UKGovernmentBEIS / inspect_ai

Inspect: A framework for large language model evaluations
https://UKGovernmentBEIS.github.io/inspect_ai/
MIT License
385 stars 41 forks source link

Task metadata #50

Closed tekumara closed 1 week ago

tekumara commented 2 weeks ago

It would be nice to be able to store arbitrary task metadata surfaced somewhere like under task information: CleanShot 2024-06-17 at 22 19 53@2x

In our case we'd store the version numbers of different packages, who ran the eval, and a hostname.

aisi-inspect commented 2 weeks ago

Interestingly we have a metadata field in the EvalSpec (which is what this is drawing from) but no way to populate it!
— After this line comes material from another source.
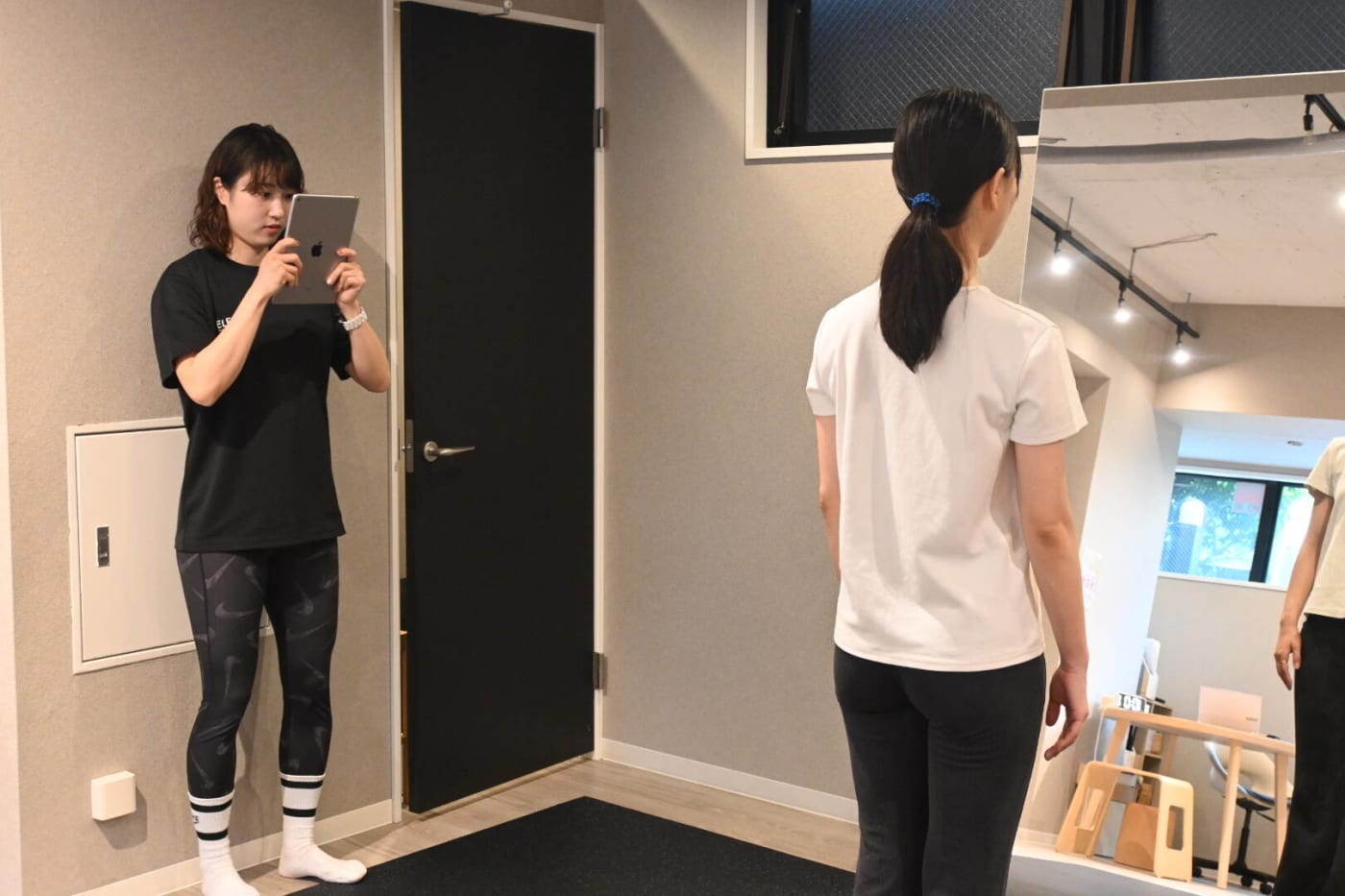 その後は、現在の姿勢を写真でチェック。正面・横・後ろからの写真を撮影し、立ち姿勢や骨盤・肩の位置などを細かく確認していきます。

I wonder if should add a metadata field to Task and forward it here? (@dragonstyle LMK what you think)

tekumara commented 2 weeks ago

If what were displayed here were the task args, that would be swell and probably work well! As these are used to pass to the solver and define what runs and so worth surfacing in and of themselves. We could also use them to capture additional metadata.
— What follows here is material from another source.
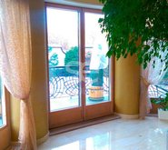 Дом и участок на 13 соток расположены по адресу Рублевское шоссе, д.60. В нём сделана полноценная система «умный дом» с управлением светом, музыкой, кондиционированием. Планировка: цоколь, 3 этажа, 5 спален, кабинет, библиотека, 2 террасы, гараж на 2 машины, площадка ещё на 3 перед домом.
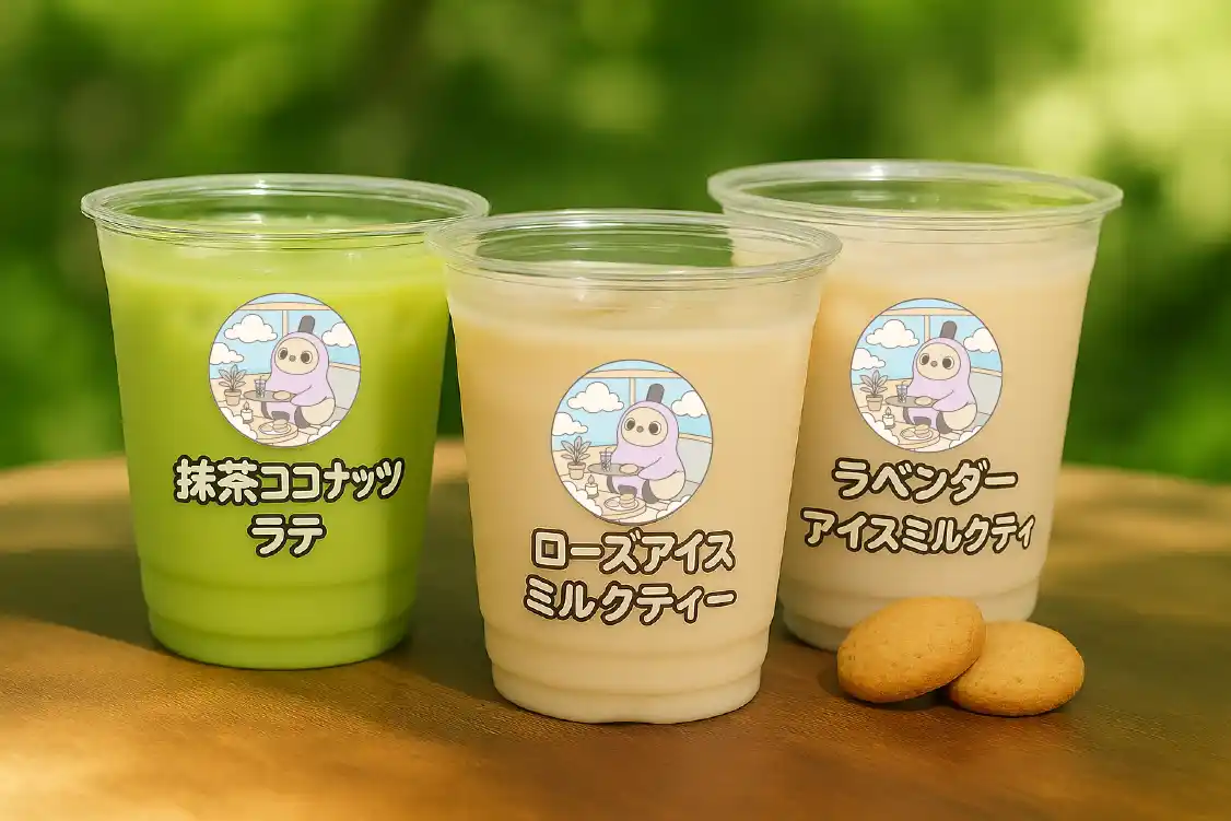 ■セット商品:観覧車乗車チケット、アイスドリンク(全3種:抹茶ココナッツラテ/ラベンダーアイスミルクティー/ローズアイスミルクティー)、フード |

jjallaire commented 2 weeks ago

@dragonstyle Don't we at least try to display the task_args? If we don't then we absolutely should (even if the are also displayed in config above)

dragonstyle commented 2 weeks ago

We are displaying task_args on the 'Info' tab (we render this metadata, so it should render simple values, but also things like dictionaries or arrays). Are you not seeing a 'Task Args' section (if you aren't, I should try to reproduce and figure out why!)?

tekumara commented 2 weeks ago

Yeh unfortunately I'm not seeing a Task Args section at all on the Info tab.

dragonstyle commented 1 week ago

Sorry to have let this languish! That section definitely should be present...

Thanks and sorry for the issue...

tekumara commented 1 week ago

Huh, I can't seem to reproduce this anymore. Happy to close this, sorry for the bother!

dragonstyle commented 1 week ago

Ok thanks for the followup and glad it appears to be working again!